> But Woj, this case was about the ability of cities to seize property for
> commercial development - e.g., the replacement of privately owned
> residential property with privately owned Wal-Marts.
> The history of most "urban renewal" in the U.S. is the clearing of
> working-class housing and its replacement with commercial properties,
> highways, and luxury housing.
All of which was legal under previous doctrine that had held that eliminating "blight" and replacing it with private commercial development was completely acceptable. What was at issue in Kelo was whether the property of the middle class and wealthy could be taken by eminent domain in the same way the property of the poor already could.
Why progressives are even slightly conflicted on this core legal issue mystifies me.

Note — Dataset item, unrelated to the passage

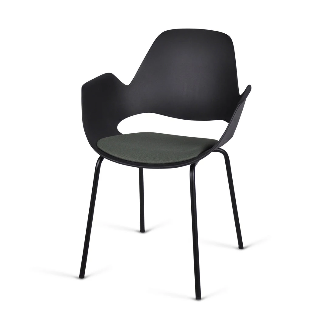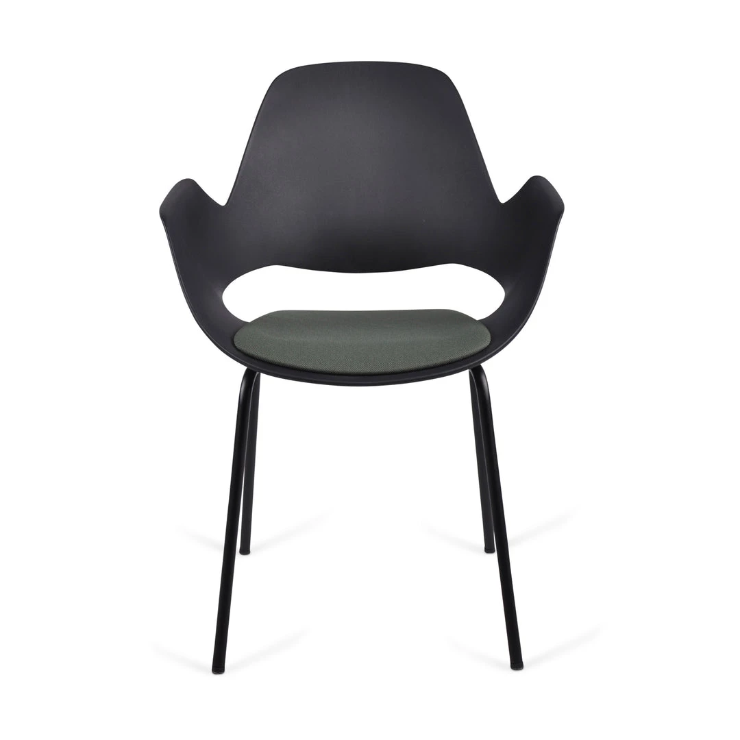 The fabric is made of 98% post-consumer polyester. FALK with tube legs are stackable, easy to clean and very suitable for the hospitality market. It looks great in a café or restaurant setting.

Of course, we should organize politically to stop bad uses of eminent domain, but giving property owners special legal status against the rest of the community is clearly against the interests of the democratic left.

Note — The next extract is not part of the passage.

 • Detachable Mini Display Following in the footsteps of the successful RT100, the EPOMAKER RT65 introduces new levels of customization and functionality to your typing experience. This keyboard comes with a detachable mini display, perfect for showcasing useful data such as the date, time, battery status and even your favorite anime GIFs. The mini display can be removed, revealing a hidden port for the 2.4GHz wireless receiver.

One of the key precedents cited by Justice Stevens for the decision was Hawaii taking away the property of the vested landlords of the islands to enact some degree of land reform there. If Kelo had gone the other way, it would be hard to see how any form of land reform would not be an illegal taking.
New York City just voted to require that renters in low-income housing converted to condos be given the right to buy those units at market prices. Again, this is a form of eminent domain by local government that would be legally suspect if the Kelo decision had gone the other way.